ここで重要になるのが、症状が続く「時間」の見極めです。
この反射による失神の場合、持続時間は通常1~2分程度であり、横になって安静にしていれば速やかに回復へと向かいます。
もし採血中に気分が悪くなった場合は、無理をせず「横になれる場所」を確保し、脚を少し高くして休むことが最も有効な対処法です。
しかし、注意が必要なケースもあります。もし意識が戻るまでに10分以上かかるなど回復が著しく遅い場合は、単なる失神ではなく、より重篤な「意識障害」として捉えるべきです。
この時間は、安全な反射か、あるいは別のリスクを疑うべきかを分ける明確な境界線となります。
特効薬はないという「苦い」真実
この厄介な反射に対して、残念ながら現代医学において「これを飲めば直ちに治る」という特効薬は存在しません。

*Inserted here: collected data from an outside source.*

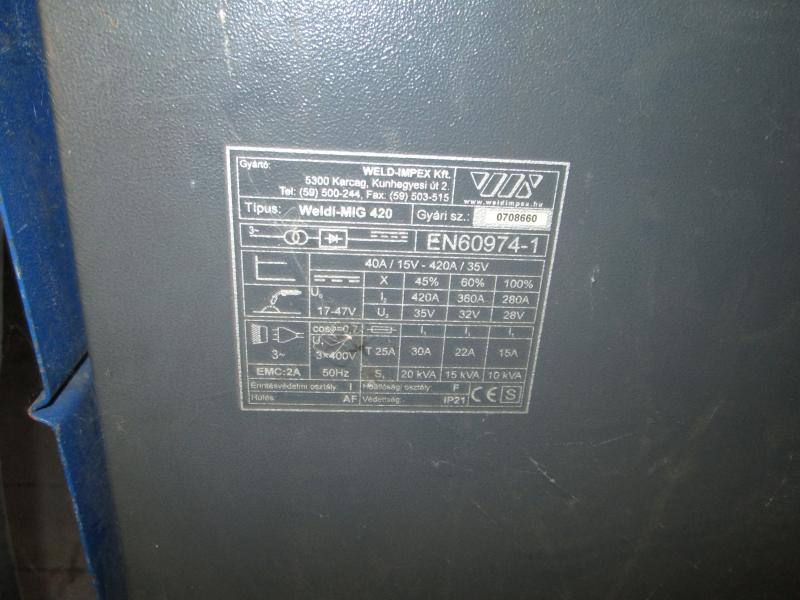 MIG-420; Weldimpex; gyáriszám: 0708660; testkábel+munkakábel+reduktor; Az elárverezett vagyontárgyakért sem az adós, sem az adóhatóság jótállással nem tartozik. A megtekintés során a résztvevők által nem észlelt vagy fel nem ismerhető rejtett hibákért, a vagyontárgy esetlegesen előforduló vélt vagy valós hiányosságaiért az adóhatóság felelősséget nem vállal. Zálogjogi nyilvántartásban nem szerepel. A hirdetmény nem biztosítja az ingóság tulajdonságainak teljes körű ismertetését. A képek csak tájékoztató jellegűek! Az ingóságok átvétele az árverési vételár megfizetése után az ügyintézővel történő egyeztetés alapján előre meghatározott napon történik!
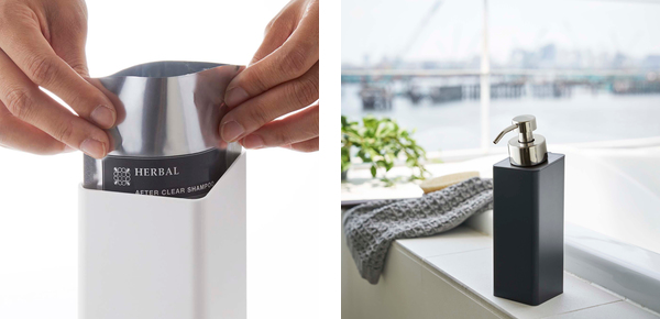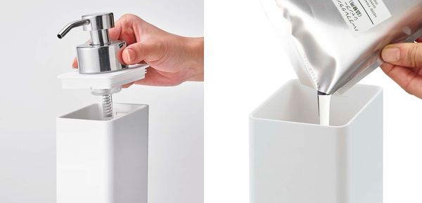 | 詰め替え袋OK 詰め替え用袋をそのまま入れることもできます。 | 置いても使える 壁面に付けずに置いた状態でもお使いいただけます。 |
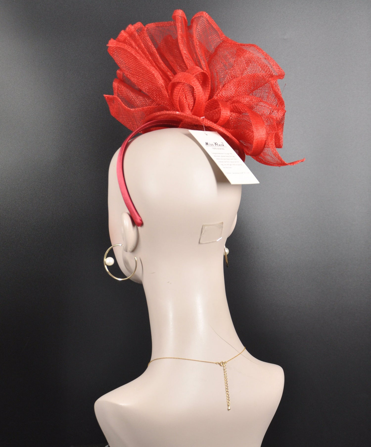 Have questions? Feel free to reach out—we’re happy to help!.This is a pretty Fascinator in red sinamay base hat, set on a headband.
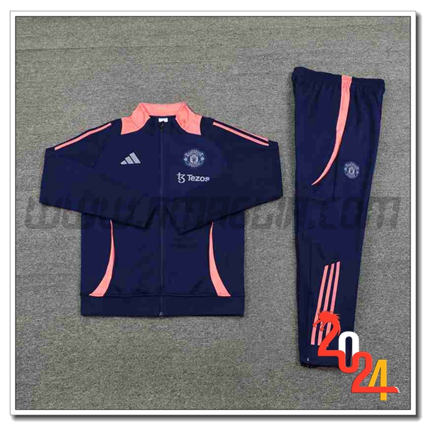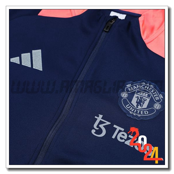 Nuova Tuta Allenamento Giacca Manchester United Blu/Rosa 2024/2025. sito affidabile per l'acquisto tute squadre calcio a poco prezzo

治療や対策の軸となるのは、地道な「生活習慣の改善」だそうです。
前日の夜更かしや、当日の著しい体調不良は、自律神経のバランスをより不安定にし、反射を誘発しやすくします。
特に「睡眠不足」は天敵。万全の体調で検査に臨むことこそが、現在推奨されている最良の予防策なのです。
自分の体質を知り、正しく向き合うために
1度倒れた経験のある人が、「また倒れたらどうしよう」と不安に思う必要はないそうです。
血管迷走神経反射は、医学的に見て非常に「予後が良い(病気の見通しが良好である)」疾患だからです。
体が弱いわけではなく、自律神経が少しだけ過敏に、そして真面目に反応してしまった結果に過ぎないのです。
自分の体の仕組みを論理的に理解し、前日の睡眠をしっかりと確保する。
その小さな積み重ねが、不安を確かな安心感へと変えていくと動画では結んでいます。
私は中学の頃、新学期に体育館で行われた朝礼で、倒れそうになったことが1度あります。
休み明けで寝不足だったんでしょうね。
サーッと血の気が引くような気がしましたが、とにかく倒れちゃいけないとがんばり、退場時はボタンを外して体に風を送り、出口が混んでいたので、上履きにかかっている靴下を直すふりをしてしばらくしゃがんでいました。
朝礼でバタッと倒れたり、ふら~っと気絶したりした経験はありますか。